### [WHAT IS BEING ASKED]
Only the lines from the beginning of the data through the one with "1、滑動屏幕任意區(qū)域" belong in the answer, each retyped exactly, with pictures left out.

### [RECORDS FOR THIS EXERCISE]
::::::
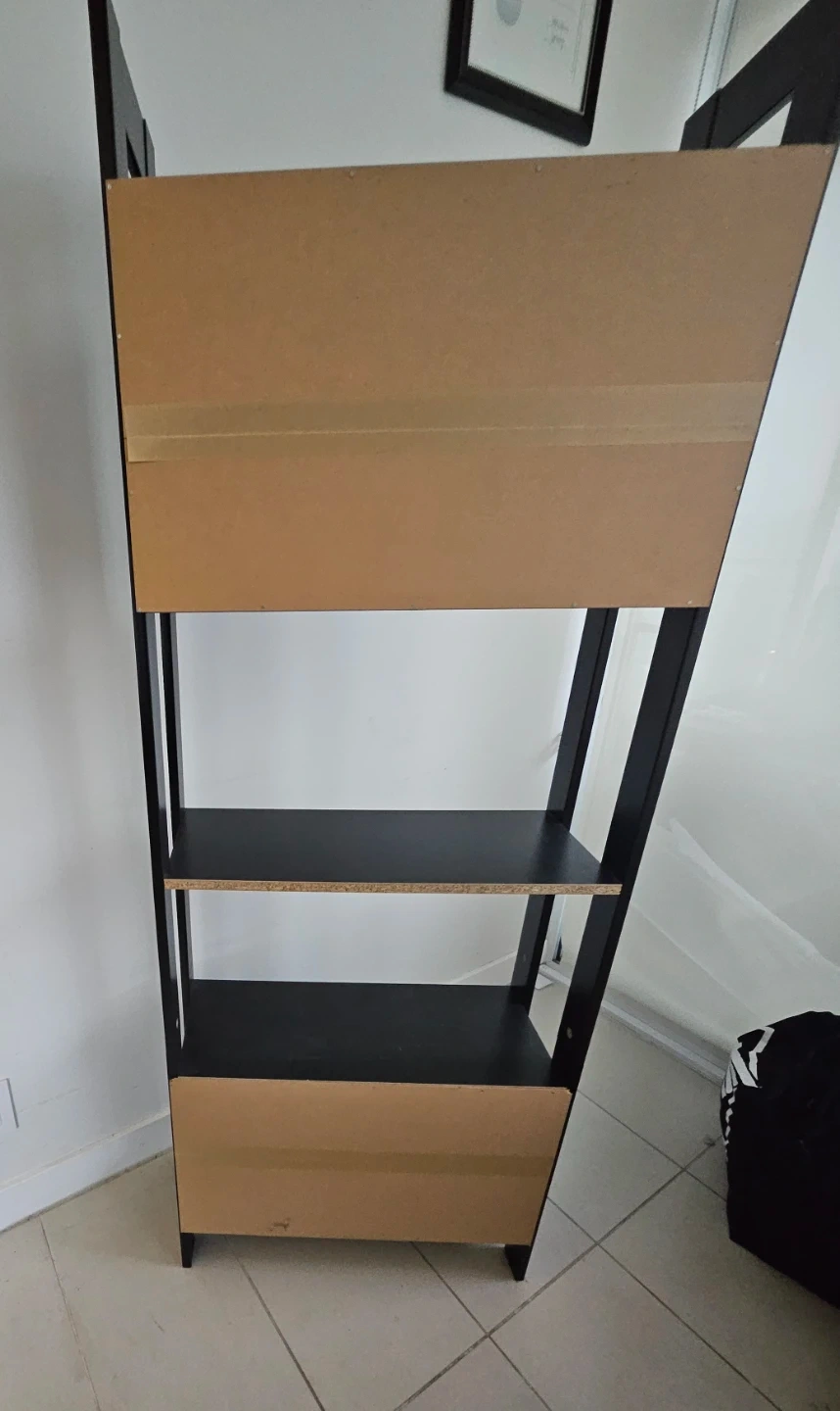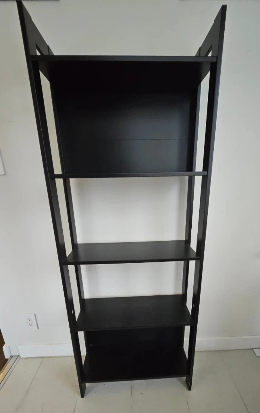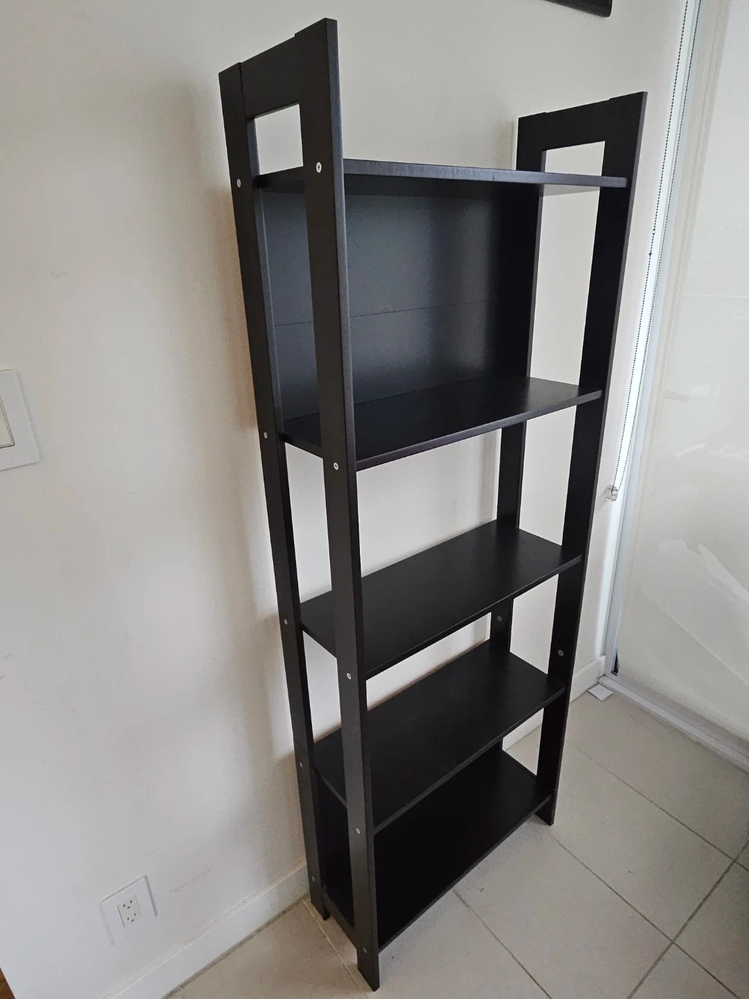 Selling a black ladder shelf with 5 tiers. It's in great condition and perfect for displaying books, plants, or other decorative items. It's a stylish and functional piece for any room!
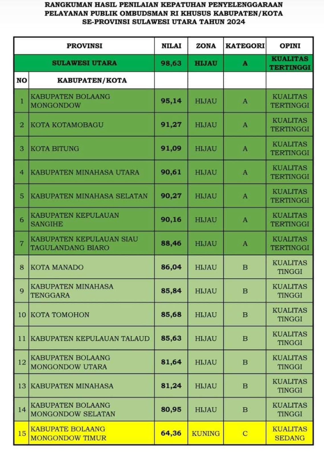Penganugrahan nilai evaluasi tertinggi kepada Pemkab Bolmong, dengan nilai 95,14 Zona Hijau Kategori A, dengan opini kualitas tertinggi ini berdasarkan keputusan Ketua Ombudsman RI No 252 Tahun 2024,
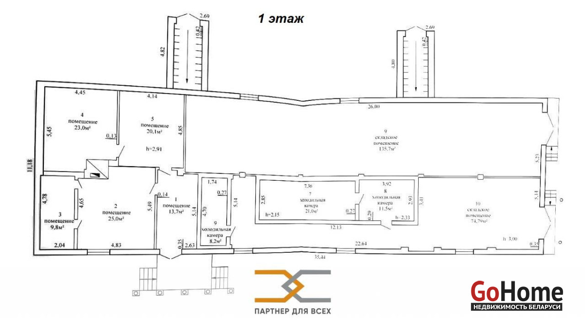 Продается здание овощехранилища в гп. Уречье-2 Любанского района. Общая площадь здания 692,9 м.кв. Подвальное помещение 392 м. кв. В здании расположено три холодильные камеры, два складских помещения, пять помещений для хозяйственных нужд или кабинетов.
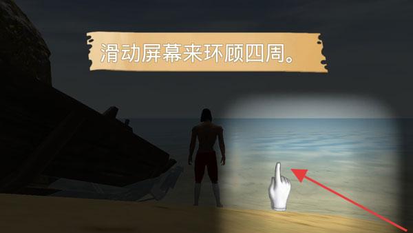 1、滑動屏幕任意區(qū)域,調(diào)整視角,觀察周邊環(huán)境(如海洋、沙灘),尋找資源點。
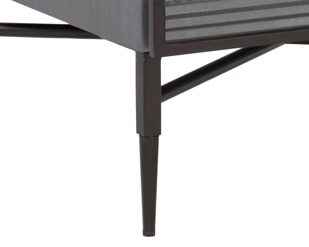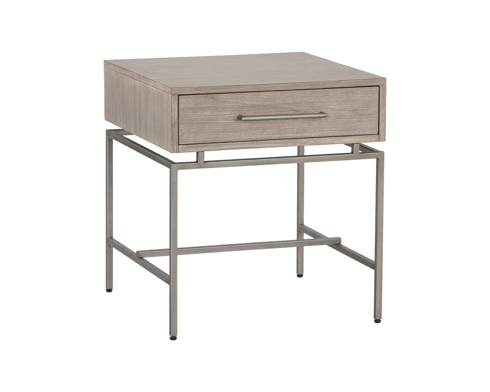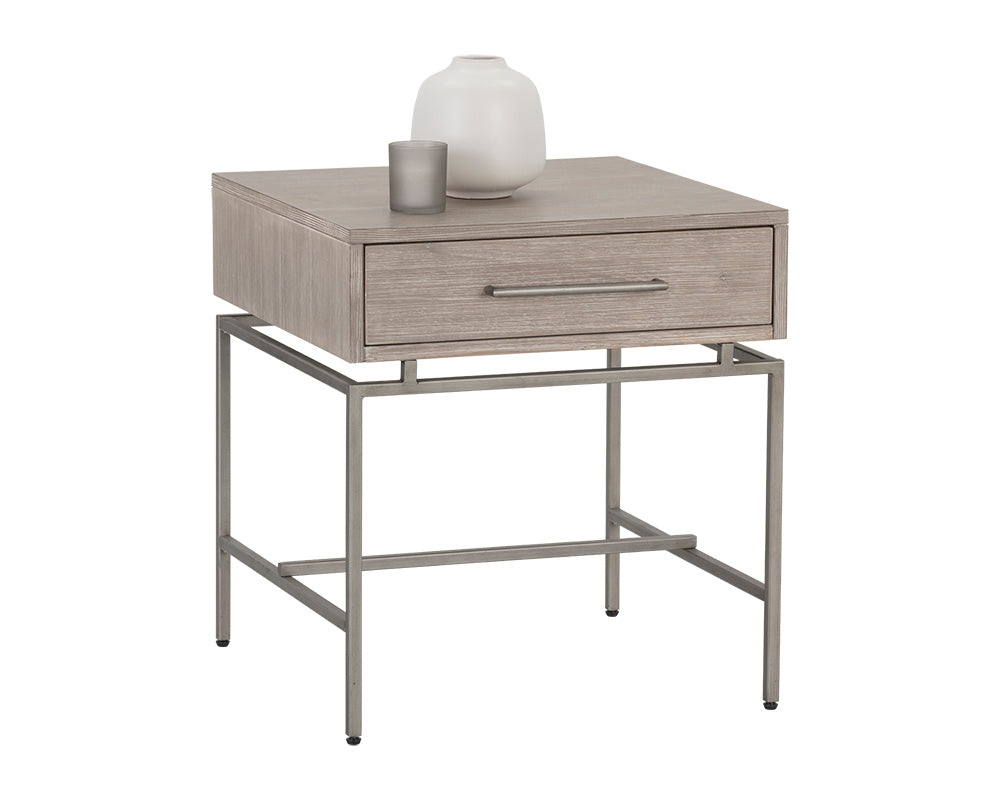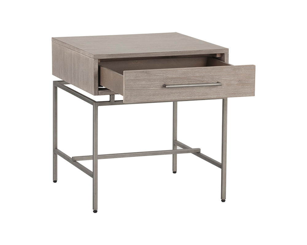 A contemporary nightstand designed to add a beautiful touch to the bedroom. Crafted from taupe oak veneer with a soft closing drawer and shelf for added storage. Black iron hardware completes the look. Also available in a charcoal grey oak veneer with a matte black frame.
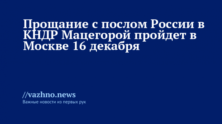 Прощание с послом в КНДР Мацегорой пройдет в Москве 16 декабря
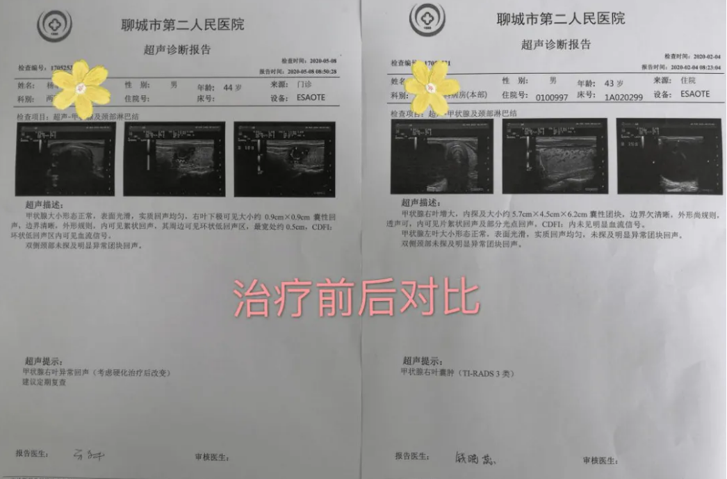 ◈案例四; 聊城,杨先生43岁,检查出5.7cm*4.5cm*6.2cm的囊性甲状腺结节 用药2个疗程后消失!
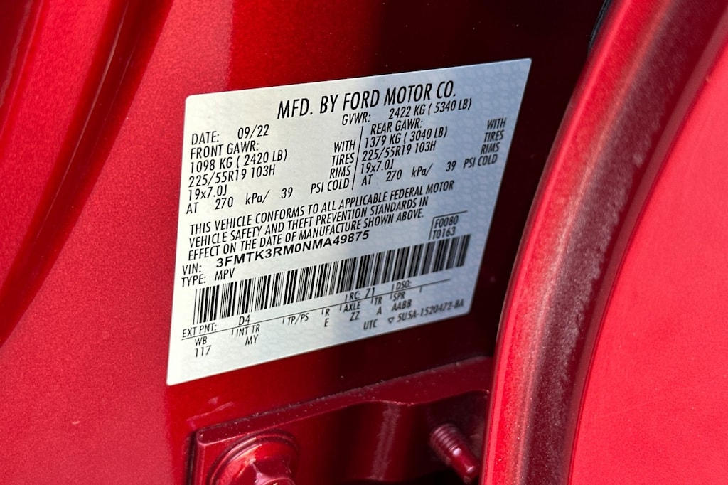 Active Park Assist Prep Kit, Apple CarPlay/Android Auto, Auto-dimming Rear-View mirror, Equipment Group 300A, Navigation system: Connected Navigation. Equipment Group 300A, Active Park Assist Prep Kit, Apple CarPlay/Android Auto, Auto-dimming Rear-View mirror, Navigation system: Connected Navigation, 10 Speakers, 4-Wheel Disc Brakes, ABS brakes, Air Conditioning, Alloy wheels, AM/FM radio: SiriusXM with 360L, AM/FM Stereo, Auto High-beam Headlights, Automatic temperature control, Axle Ratio: 9.05, Brake assist, Bumpers: body-color, Compass, Delay-off headlights, Driver door bin, Driver vanity mirror, Dual front impact airbags, Dual front side impact airbags, Electronic Stability Control, Emergency communication system: 911 Assist, Exterior Parking Camera Rear, Four wheel independent suspension, Front anti-roll bar, Front Bucket Seats, Front Center Armrest, Front dual zone A/C, Front License Plate Bracket, Front reading lights, Fully automatic headlights, Garage door transmitter, Heated door mirrors, Heated front seats, Heated Perforated ActiveX Bucket Seats, Heated steering wheel, Illuminated entry, Knee airbag, Low tire pressure warning, Memory seat, Occupant sensing airbag, Outside temperature display, Overhead airbag, Overhead console, Panic alarm, Passenger door bin, Passenger vanity mirror, Power door mirrors, Power driver seat, Power Liftgate, Power passenger seat, Power steering, Power windows, Radio data system, Rain sensing wipers, Rear anti-roll bar, Rear seat center armrest, Rear side impact airbag, Rear window defroster, Rear window wiper, Remote keyless entry, Security system, SiriusXM Radio w/360L, Speed control, Speed-sensing steering, Speed-Sensitive Wipers, Split folding rear seat, Spoiler, Steering wheel mounted audio controls, SYNC 4A w/Enhanced Voice Recognition, Telescoping steering wheel, Tilt steering wheel, Traction control, Trip computer, Turn signal indicator mirrors, Variably intermittent wipers, and Wheels: 19" Machined-Face Aluminum.
::::::
### [SOLUTION TO THIS EXERCISE]
 Selling a black ladder shelf with 5 tiers. It's in great condition and perfect for displaying books, plants, or other decorative items. It's a stylish and functional piece for any room!
Penganugrahan nilai evaluasi tertinggi kepada Pemkab Bolmong, dengan nilai 95,14 Zona Hijau Kategori A, dengan opini kualitas tertinggi ini berdasarkan keputusan Ketua Ombudsman RI No 252 Tahun 2024,
 Продается здание овощехранилища в гп. Уречье-2 Любанского района. Общая площадь здания 692,9 м.кв. Подвальное помещение 392 м. кв. В здании расположено три холодильные камеры, два складских помещения, пять помещений для хозяйственных нужд или кабинетов.
 1、滑動屏幕任意區(qū)域,調(diào)整視角,觀察周邊環(huán)境(如海洋、沙灘),尋找資源點。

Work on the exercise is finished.